To be clear on something: I’m no Edward Abbey. I’m a city boy, through and through. I love neon and tall buildings and graffiti and manhole covers and cracks on the sidewalk. I feel lost and exposed and vulnerable in the wilderness. When I went to New York, I felt no fear wandering around by myself at 3 in the morning, whereas the thought of wandering alone anywhere in the dark of night in a forest or desert chills me to the bone. At least in a city I know what kind of predators roam the wild: I’m prepared to face the claws and teeth of muggers and drunks and cops and lunatics. Walking amongst the trees and mountains, though, I’m not sure what threats lie in wait for me. And it is that fear of not-knowing that makes me cling to cities, safe in the arms of the Devil I know.
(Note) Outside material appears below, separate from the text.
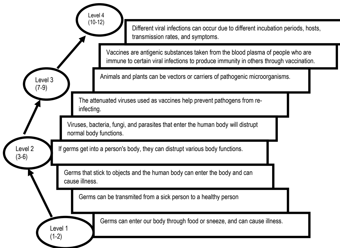
Figure 3. The Sequence of the Concepts about Infection.

Learning progression on disease developed by the NRC (2007) was focused on three categories: 1) Genetics: the diseases caused by genetic disorders in humans. 2) Body defense: how the immune system fights against viruses and prevents them from entering the human body. And 3) infection: show the disease infects humans and how the pathogens or infectors infect the cells. They were further divided into 4 levels: Level 1/K2 (Kindergartens-2nd grades), Level 2 (3rd-5th grades), Level 3 (6th-9th grades), and Level 4 (10th-12th grades). Thirty-two basic concepts for understanding the disease were found from the textbook analysis. Those concepts were distributed and adjusted according to the grades or levels. The analysis also found the discontinuity among the concepts taught in the current system.

City boy loyalties aside, I still like seeing those stubborn stowaways of mother nature, the old tenants of the desert who refuse to be relocated. Their very existence seems to say “I can survive anywhere; drop hundreds of tons of concrete on my home, and I’ll just live underneath it, motherfuckers, and eat your trash”. And maybe they provide hope and comfort because they remind me of my childhood, growing up on 72nd St & Sweetwater, where if you drove not even 10 minutes down Scottsdale Rd civilization would peter out and there would just be desert. That’s the thing about being a lifelong native of Arizona: I remember just how much nothing there used to be, I remember all that desert before the sprawl rolled over it and swallowed it up. Seeing the coyotes and javelinas darting past “Yield” signs (they would do no such thing!) shows a continuity. Phoenix may destroy its own history, tearing down its architecture and burying its past, but the Phoenix that was here before Phoenix, the Phoenix whose tallest structures were saguaro instead of bank buildings, endures. It grows in the cracks and drainpipes of the new city, growing fat on our refuse, grinding our traffic to a halt so it can parade itself in the streets, show itself off, make a much-needed mockery of our “progress”. Living here for so long, I can see both of those cities. Perhaps that’s why I’m confident that Phoenix will be a great place to live, will become a thriving community, convinced in a way that many of my friends who aren’t lifers can’t understand. Because I remember when there was nothing but desert, and how quickly the city grew to become this mammoth, unrecognizable thing. And because I can still see the old world getting strong and sly inside the thing that was supposed to kill them.
Somtimes at night I can hear the javelinas grunt and murmur to each other in the pipes. Sometimes I wonder if they’re grunting at me to join them. “Not yet”, I wish I could grunt back to them in their peccary tongue. “I’ve still got traffic of my own to stop”.